Nas falas das crianças já citadas, vemos o transbordamento da angústia: de um lado, no corpo, que ao estar ausente da cena analítica, seja na infância ou adolescência, nos dá mostras de que, neste período, muito mais do que nas transferências analíticas com adultos, os corpos – do analista e da criança – se fazem cenário e suporte para que a palavra possa fluir. Como estão estes pequenos corpos reclusos ao ambiente familiar? É tão comum relacionarmos de forma banal a hiperatividade com o “aprisionamento” das crianças, mas este não é uma parada qualquer do corpo. Ela se faz necessária para que este corpo, suporte para que o brincar, sobreviva. Porém, não sem consequências.
A morte e os riscos, que se antes já apareciam nos discursos familiares, agora sobem de forma exponencial, brotando das telas de TV e celulares, impedindo às crianças e adolescentes o contato com amigos, avós e escola. Estes contatos, muitas vezes, além de constituintes, são espaço para que a criança possa “aliviar-se” de relações familiares densas e, mais ainda, ofertam lugar de reconhecimento da criança como sujeito frente aos outros.
Por outro lado, as angústias parentais frente à Covid podem também ser lidas nas crianças, mas também lidas por elas, nos semblantes angustiados de pais que entram em casa sem abraços, algumas vezes só com as roupas íntimas, buscando evitar o contágio dos familiares. Medos noturnos, regressões a sintomas anteriores, crises de agitação são apenas alguns dos sintomas que podemos escutar sobre as crianças neste período e requerem daqueles que da infância se ocupam um cuidado redobrado e criatividade na manutenção de contatos com as famílias e os pacientes, seja através de conversas com os pais, seja nos encontros online com as crianças ou nas mensagens de voz ou texto, que permitam a sustentação do laço transferencial.
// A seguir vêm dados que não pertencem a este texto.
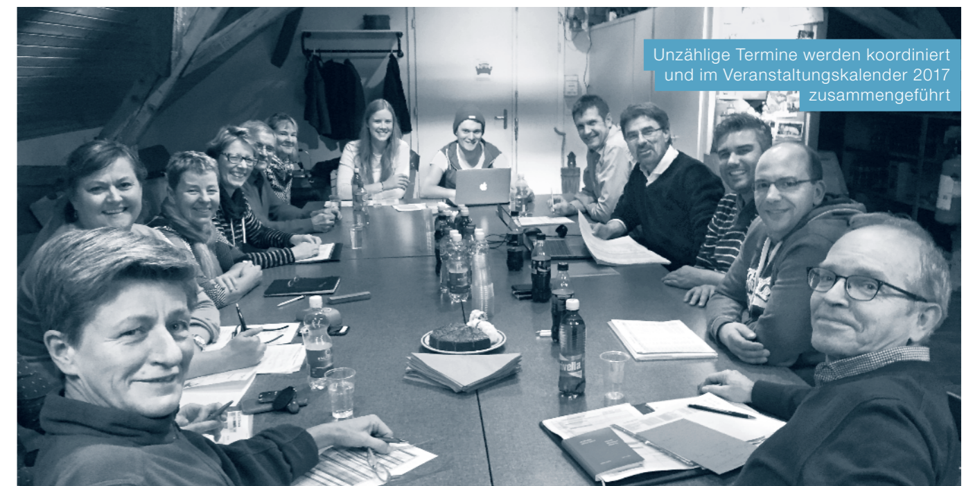
Unzählige Termine werden koordiniert und im Veranstaltungskalender 2017 zusammengeführt

Estes sintomas e dificuldades nos mostram o olhar aguçado das crianças sobre situações dramáticas, que insistimos em manter distantes delas, lançando luz sobre o sofrimento dos pequenos e sobre sua capacidade de interpretar as situações do mundo que elas vivenciam, produzindo suas próprias respostas.
A pergunta que faço sobre o “depois” vai requerer de todos, mas principalmente daqueles que à infância se dedicam, um espaço para que o traumático deste evento se transforme em palavras, em rabiscos, em desenhos, dando nome à angustia que marca e marcará a memória deste tempo que todos habitamos, tempo em que estamos todos, sem exceção, frente ao vazio, à falta de explicação e à morte.
Querida professora já havia lhe dito o quanto me identifiquei com o seu texto, muito pertinente, lúcido e verdadeiro. Obrigada pela escrita, pois ela, de forma muito bonita e simples, nos mostra que somos apenas seres humanos e que não daremos conta de tudo e ok! A incerteza nos ronda diariamente, mas agora se acentuou com a angústia… E tá tudo bem… Quando li, eu pensei: ufa! Pensei que estava sozinha navegando no barco da angústia e das incertezas… Mas vejo que não e agora já não me sinto tão sozinha mais… Sinceramente, muito obrigada ❤
É incrível como consegue transmitir clareza e conhecimento, com muito amor, em tudo que escreve.
Com certeza esse período vem sendo muito difícil para os pais, que por diversos momentos se perguntam o que fazer.
Que enquanto psicólogos possamos ajudá-los nesse momento tão difícil. Obrigada por compartilhar!
Outro dia pensava eu sobre como seria discutido em aula professora Mercês, às consequências do confinamento social sobre os corpos, nosso território.. Entao me deparo com teu texto que fala muito sobre meu questionamento.. Super!!!!